Question: How do I pay my estimated income tax?
Cohere context: "From the IRS page on Estimated Taxes (emphasis added): Taxes must be paid as you earn or receive income during the year, either through withholding or estimated tax payments. If the amount of income tax withheld from your salary or pension is not enough, or if you receive income such as interest, dividends, alimony, self-employment income, capital gains, prizes and awards, you may have to make estimated tax payments. If you are in business for yourself, you generally need to make estimated tax payments. Estimated tax is used to pay not only income tax, but other taxes such as self-employment tax and alternative minimum tax. I think that is crystal clear that you're paying income tax as well as self-employment tax. To expand a bit, you seem to be confusing self-employment tax and estimated tax, which are not only two different things, but two different kinds of things.  One is a tax, and the other is just a means of paying

In this example, we can clearly see that the context retrieved from the cohere's embed v3 model has all the required content to answer this particular question. For instance, the notion of 'self-employment' tax is only retrieved in cohere's model context whereas OpenAI's model context does not mention about this particular tax. 
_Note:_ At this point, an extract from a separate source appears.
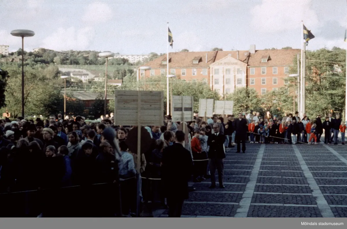 Folksamling på Stadshusplan utanför Mölndals stadshus 1960-tal. I bakgrunden ses Svalöfsbolagets (Allmänna Svenska utsädesaktiebolaget) magasin för utsäde vid Ågatan. I bakgrunden skymtar Lövgatans bostadsområde på Störtfjället.
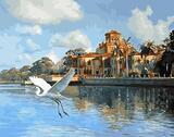 Картина по номерам «Белая птица над рекой у замка» 40x50 см

OpenAI context contains relevant information to answer this question but Cohere's context is much better to answer this question from holistic view.


In [96]:
print('Context Relevance Score using Embed v3 model:', results_openai[7]['score_context_relevance_embedding_model_cohere'])
print('Context Relevance Score using OpenAI model:', results_openai[7]['score_context_relevance_embedding_model_openai'])

Context Relevance Score using Embed v3 model: 1.0
Context Relevance Score using OpenAI model: 0.5


The same conclusion can be achieved by running the Uptrain Standard Eval - Context Relevance. We can see that the context retrieved from the embed v3 model has got a score of 1.0 while the context retrieved from the OpenAI embedding model has a score of 0.5. 


## Conclusion

In [97]:
score_context_relevance_openai = list(pl.DataFrame(results_openai)['score_context_relevance_embedding_model_openai'])
score_context_relevance_cohere = list(pl.DataFrame(results_openai)['score_context_relevance_embedding_model_cohere'])

In [99]:
print('Average Context Relevancy Score using OpenAI model:', sum(score_context_relevance_openai)/len(score_context_relevance_openai))
print('Average Context Relevancy Score using Embed v3 model:', sum(score_context_relevance_cohere)/len(score_context_relevance_cohere))

Average Context Relevancy Score using OpenAI model: 0.49
Average Context Relevancy Score using Embed v3 model: 0.595


Empirically, this shows that the context retrieved from the Embed v3 model is of better quality in comparison to the OpenAI embedding model. 

The same analysis can be seen from the graph as well. The graph can be obtained from Uptrain dashboard by providing the uptrain API key.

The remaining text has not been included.